AI alignment—ensuring that AI systems act in harmony with human values and goals—is widely regarded as the foremost challenge of our era.

Current AI systems approach alignment with a deontological approach that judges actions based on rules, duties, and principles, rather than consequences. This approach, however, is expected to fall short as AI systems grow more autonomous and surpass human intelligence in critical domains.

Replacing the deontological approach with a consequentialist approach will require AI systems to be able to accurately evaluate and compare the scope of potential outcomes of any action.

Since 2017, Upright has been working on consequentialist alignment of the private sector. For that end, Upright produces data on the impact of companies at scale, comprehensively considering all relevant positive and negative impacts that a company may have. Upright's public database provides data on more than 30,000 companies and draws upon hundreds of millions of scientific articles, statistical databases, and company-reported information.

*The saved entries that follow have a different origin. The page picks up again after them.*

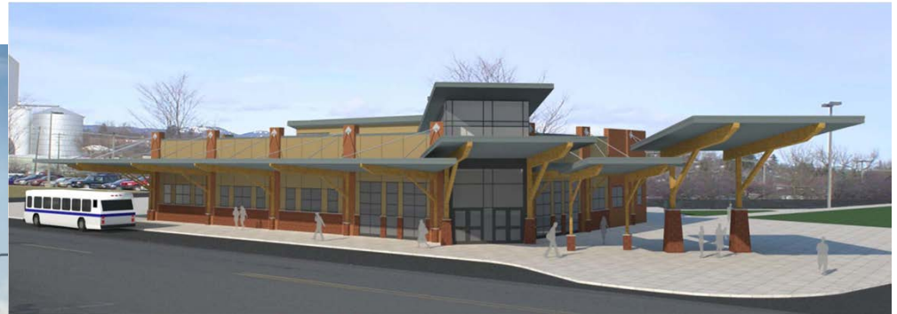
Moscow Intermodal Transit Center (Moscow, Idaho) TIGER II, $1.5MM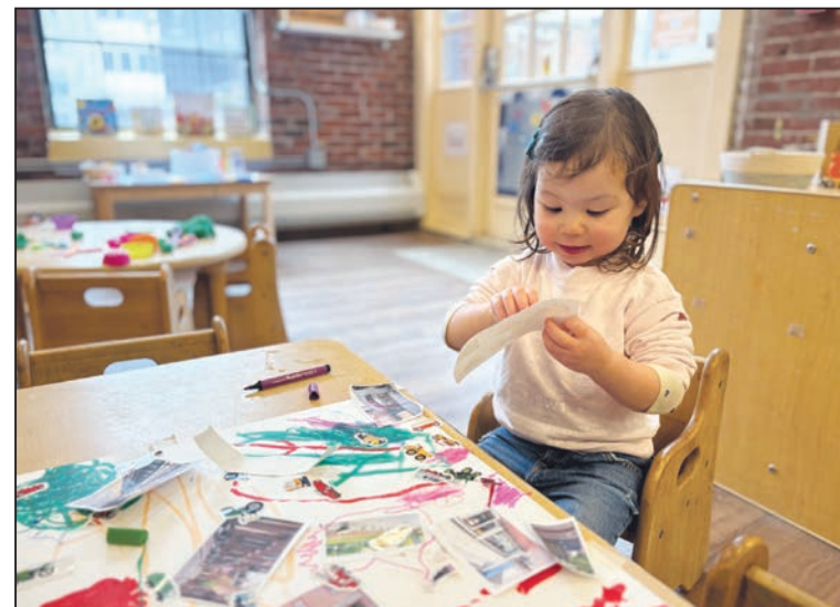
Fun with crayons at Beacon Hill Nursery School.

Hours: 8:00 a.m.-3:00 p.m. Grades 1-6; Kindergarten hours are M-TH 8:00 p.m.-3:00 p.m.; Fridays 8:00a.m.-noon with optional Kindergarten Enrichment, noon-3:00 p.m. After-school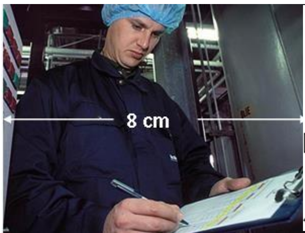
Figure 1. Taking a lubrication survey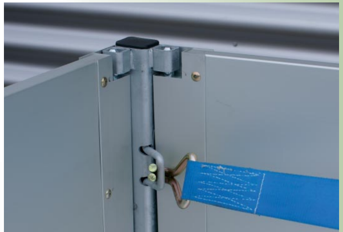
Tie hook (Extension sides)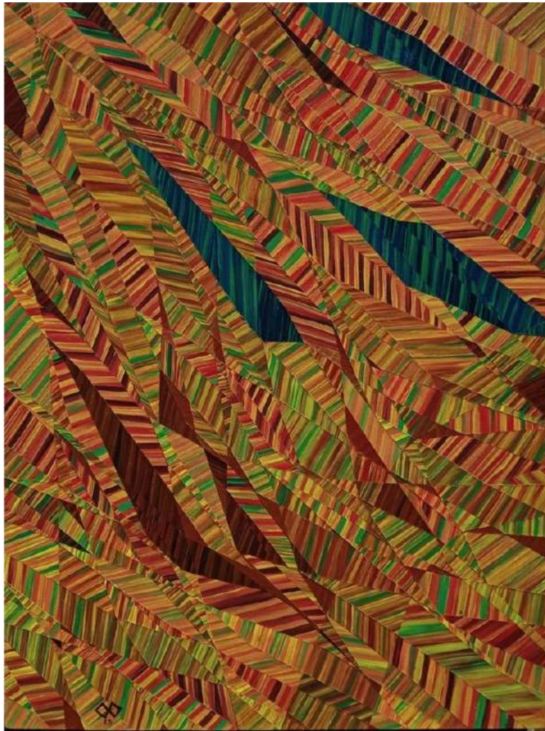
Bentang Alam #3 Acrylic on Canvas 60cm x 80cm, 2025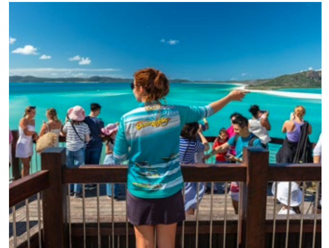
Trained Master Reef Guides, Marine Biologists and Eco Hosts!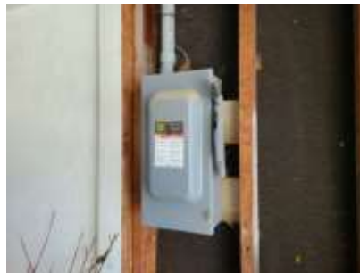
Pic. 8: Main power disconnect located in garage

Starting with Google's BERT - the first publicly available large language model - in 2018, Upright has been using large language models to process this vast amount of information. Doing this in a way that does not involve naively trusting LLMs requires effective automated benchmarks that evaluate LLMs relevant capabilities. One such evaluation tests the ability of large language models to assess and compare the magnitude of different impacts. Recognizing that this capability is key not only for our own work but also for achieving alignment of future AI systems, we have chosen to release the results of this evaluation for the public good.

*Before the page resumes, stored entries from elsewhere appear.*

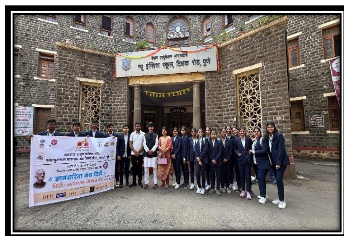
Glimpse of Dnyansarita Granth Dindi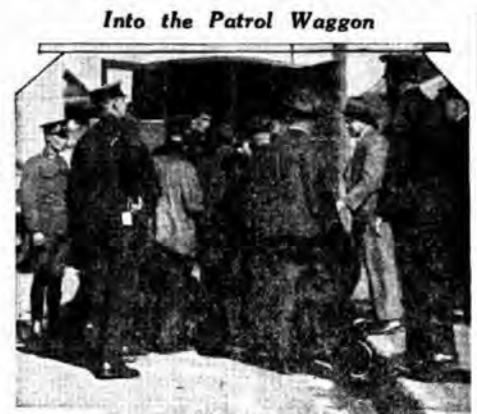
Police handling arrested men into the patrol wagon after to-day's clash between police and anti- evictionists at a house in Union-street, Newtown.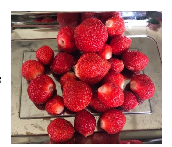
Figure 3. Mara de Bois fruit at harvest.

Day-neutral strawberry varieties can be harvested throughout the season, regular harvest optimizes fruit production. We harvested the fruit once they were uniformly red and firm. They began getting ripe in early to mid-July and were harvested through the middle of October. We checked our plants and harvested every other day or every few days to avoid rotting fruit. When harvesting the fruit, we cradled the berries in our hands, and pinched them off the calyx (the green leaves at the top of the fruit) to allow the berry to pop off nicely without bruising. We observed that the Mara de Bois (MB) variety had the highest overall yield in both berry number and ounces of fruit per plant. The fruit size was more variable than you would see from fruit sold at the market (Figure 3). Seascape (SS) did well but did not produce nearly as much as the MB variety. Albion (AB) performed much worse than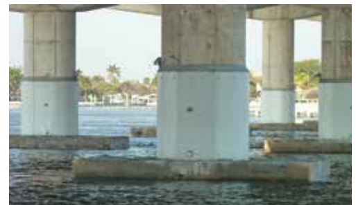
Galvanode DAS Jackets Installed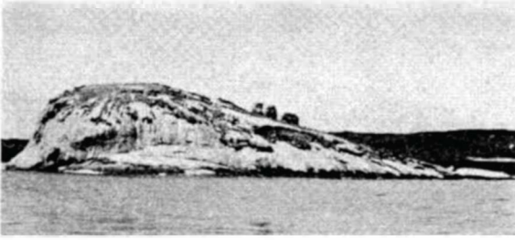
● Seal Island (looking south).

Evaluating the ability of LLMs to consistently quantify consequences

Imagine being asked to gauge whether the greenhouse gas emissions from steel production are more or less significant than its contribution to societal infrastructure, or whether the delight we derive from chocolate outweighs its negative health impacts.

Now, extend this thought experiment to thousands of such comparisons across hundreds of different impacts—and you are required to answer in a way that remains logically consistent. For example, if you conclude that impact A is ten times greater than B, and that C is five times greater than A, you must also conclude that C is fifty times greater than B—all without remembering your previous answers.

Performing well in this task requires (1) sophisticated and consistent counterfactual reasoning, (2) balanced and nuanced causal attribution, (3) a coherent value system, and (4) robust handling of uncertainty and vagueness.

Additionally, it also requires accepting that such comparisons need to be made. This is not a problem for LLMs that are trained to have a can-do-attitude, but humans tend to struggle with this. We have written on this topic separately in our FAQ (see the section about comparing apples to oranges).

Within our CoCoCo (Consequence Magnitude Comparison Consistency) evaluation, large language models must perform thousands of such comparisons, generating an aggregate set of implied impact sizes for each impact topic.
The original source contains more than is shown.